About 95 per cent of such cases settle for dramatically more than the legal case is worth. With a properly drafted NDA, in return for paying money, that company or its executive escapes public censure, morale issues with other employees, difficulty in recruiting new ones and potentially can avoid a scandal that might cause advertisers, customers or suppliers to refuse to continue to do business with it. What is it worth to that company for such information to be kept out of the public eye?
The lawsuit itself is generally worth comparatively little. Sexual harassment itself is generally awarded $10,000 to $25,000 in human rights damages and the dismissal a number of months’ severance, which, for the average Canadian, is less than $100,000. Will that genuinely compensate the woman in question (if it is a woman) for the emotional trauma and potentially damaged career? If all of that can be proved, it might be worth another $50,000 or so. Is that sufficient compensation? Even in the extreme case of rape, a payout might not exceed $150,000, unless an inability to work again can be proven.
By contrast, in return for an NDA, a company might, and often is, prepared to pay hundreds of thousands of dollars or, in the right cases, north, sometimes considerably so, of one million dollars for silence. After all, the publicity from the case could be much more damaging to the employer’s brand than that, even in the hundreds of millions and beyond. Although not in that stratosphere, look at the brand damage the Lisa Laflamme affair has caused Bell Media.

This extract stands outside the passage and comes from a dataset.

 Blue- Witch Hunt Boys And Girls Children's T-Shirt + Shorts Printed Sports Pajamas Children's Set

The proof (of whether victims support the abolition of NDAs) is, as they say, in the pudding. When clients who have signed NDAs have asked me about going public with their plight and I pointed out that they would have to repay the hundreds of thousands of dollars negotiated, without an exception they recoiled instantly from the thought.

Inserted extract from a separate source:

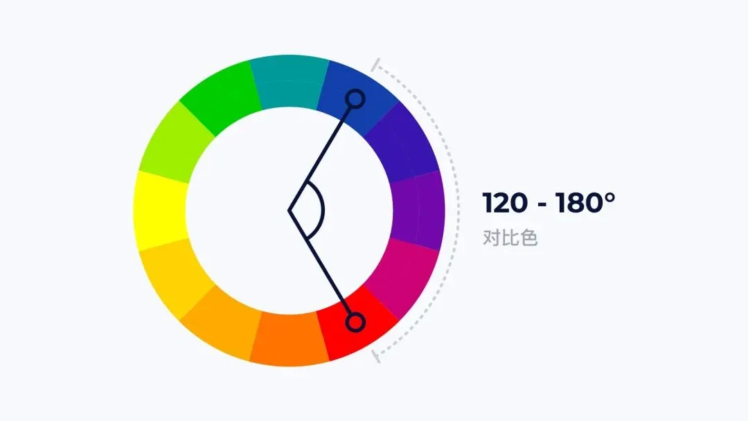 色环角度相距 120°-180° 的颜色,我们称之为对比色。

Who then will be the victims of the left’s new cause du jour?
The arguments raised against NDAs include that, without them, predators will be free to ravage again with impunity. That harkens back to a bygone era. In our era of corporate governance, the outcome is different and I see it all the time. Usually, codes of conduct prohibit inappropriate actions and the perpetrators are quickly dispatched as part of the employer’s crisis management. But when that (rarely) does not occur, two things happen. First, the perpetrator is put on a final warning and the conduct becomes very unlikely to recur. Second, if it does and appropriate protections are not put into place for potential future victims, the enablers — such as potentially the general counsel or vice-president of human resources — who do not put in place those protections or warn future potential victims of their risks are potentially liable in negligence to the new victim. That has its own prophylactic impact.
Another argument raised is that they cannot discuss their experience with a therapist. But such an exception can and is negotiated as long as the therapist has the same confidentiality obligation, which they will.

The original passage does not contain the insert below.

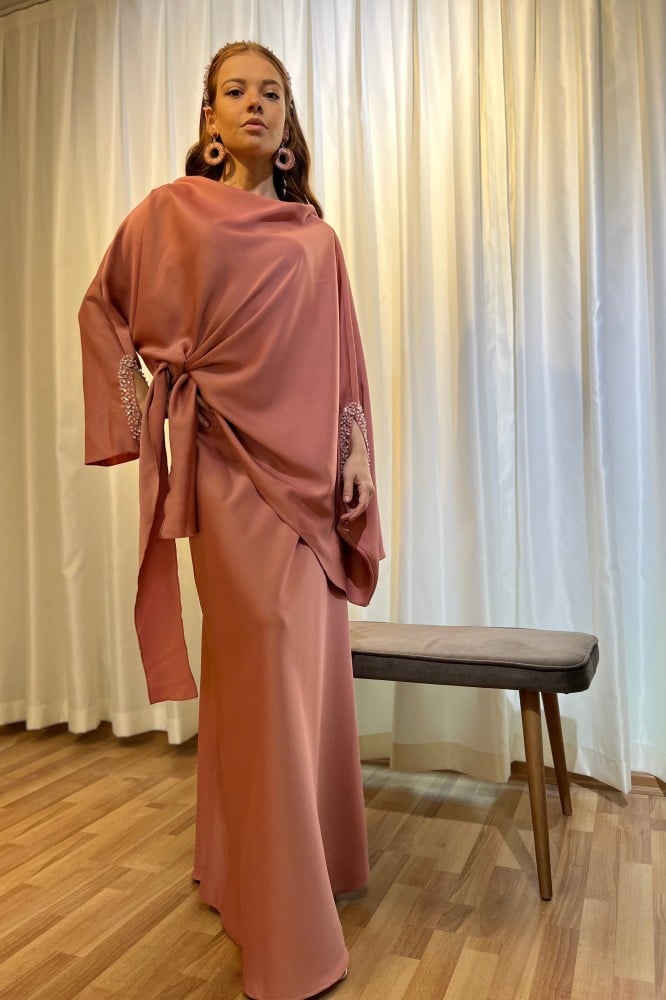 CYDA طقم حرير كريب بشك على الأكمام “وردي"

The final argument raised against NDAs by the credulous left is that individuals are “coerced” to sign them. That same argument can be made, of course, respecting any employee signing any severance agreement: no signature, no payment of the negotiated amount.
But with NDAs, the real pressure — although I would not rashly call it coercion — is not on the employee, but on the company, which is invariably the party most desperate to put the situation quietly behind it by paying significant compensation to have it buried, encased in concrete, deep beneath the ocean. Only then can they take a deep breath of relief — and the victim be truly compensated.